I came close on two previous occasions to photograph this one-of-a-kind 355-foot research vessel, owned by ONR and administered and operated by the Marine Physical Laboratory at Scripps Institution of Oceanography at University of California, but both times plans changed or missions were scrubbed.
So when this opportunity arose, I made sure that I was included. One big decision needed to be made though. Would I ride aboard FLIP or with the VIPs aboard the tugboat Diana G. where I would get the best view of FLIP, well actually flipping? Tough decision, but only because I really wanted to be aboard FLIP. In the end it really seemed to be a no-brainer to ride aboard the viewing vessel if it was photos I needed.
At least I thought it was a no-brainer. In a staff meeting this week I was briefing the upcoming assignment when a co-workier asked if there weren't already a million photos of FLIP from the perspective that I would be shooting from. That really made me think and the more I thought about it the more it troubled me because she was right. What would be different about my photos? Could I have done something really creative and different if I had made the decision to ride aboard FLIP?
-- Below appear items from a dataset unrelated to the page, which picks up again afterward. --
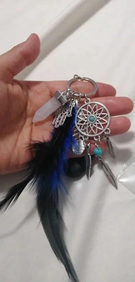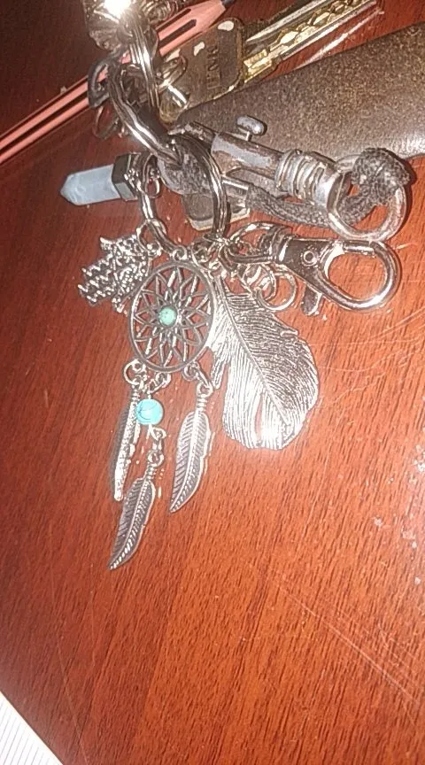 Как дверные ключи, но был немного разочарован, когда увидел перья и камень не соответствует изображению, который представлен, потому что он был так заказан... однако качество кажется хорошим.
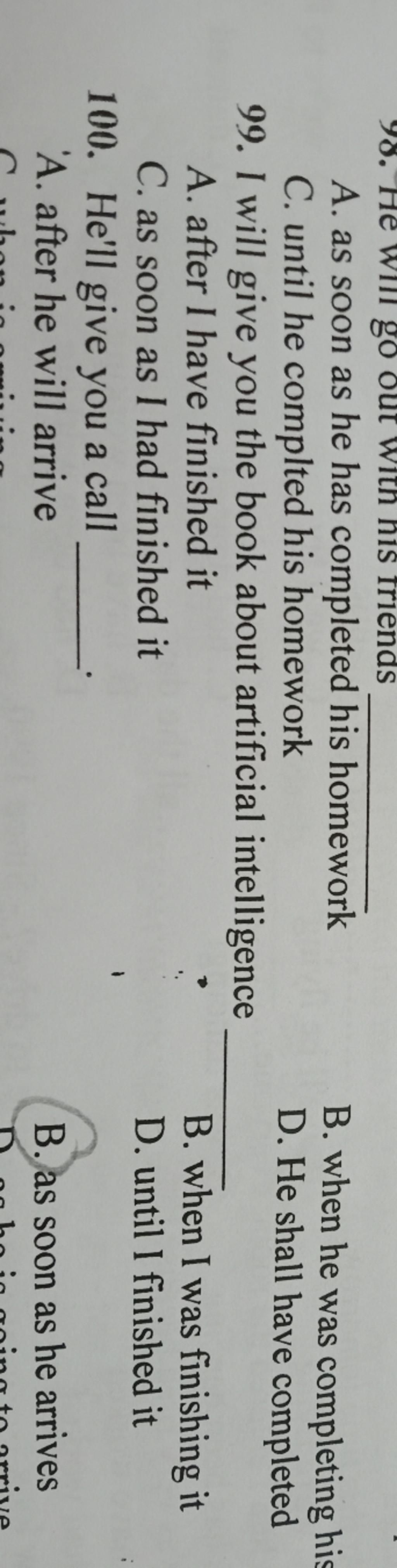 C. as soon as I had finished it D. until I finished it
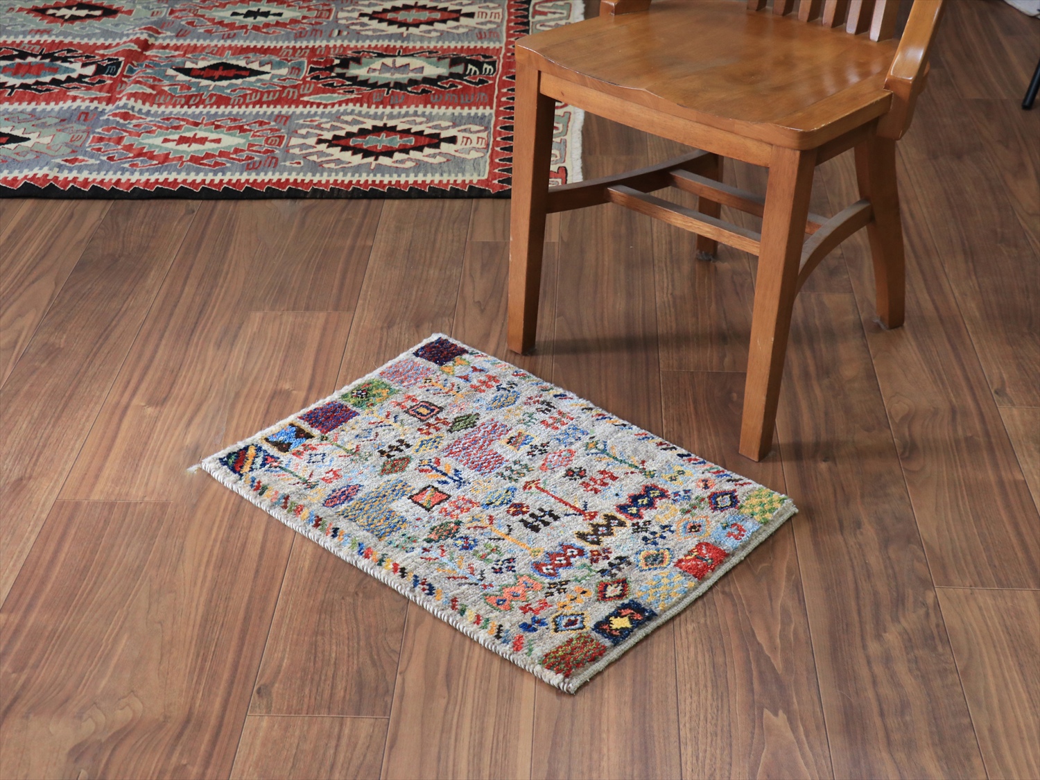 天然の羊毛のグレーをベースにして、小さなモチーフがたくさん織り込まれた楽しい一枚。

Too late to change my decision, which brings me to the title of this post. It will be my personal challenge to bring back something different that nobody has seen from a vantage point that many have shot from. I'll get all the standard "beauty shots," but I will really be looking around the edges to get something very different. My goal will be to return from this assignment and show that even if hundreds have photographed something before, I can produce something just a little different.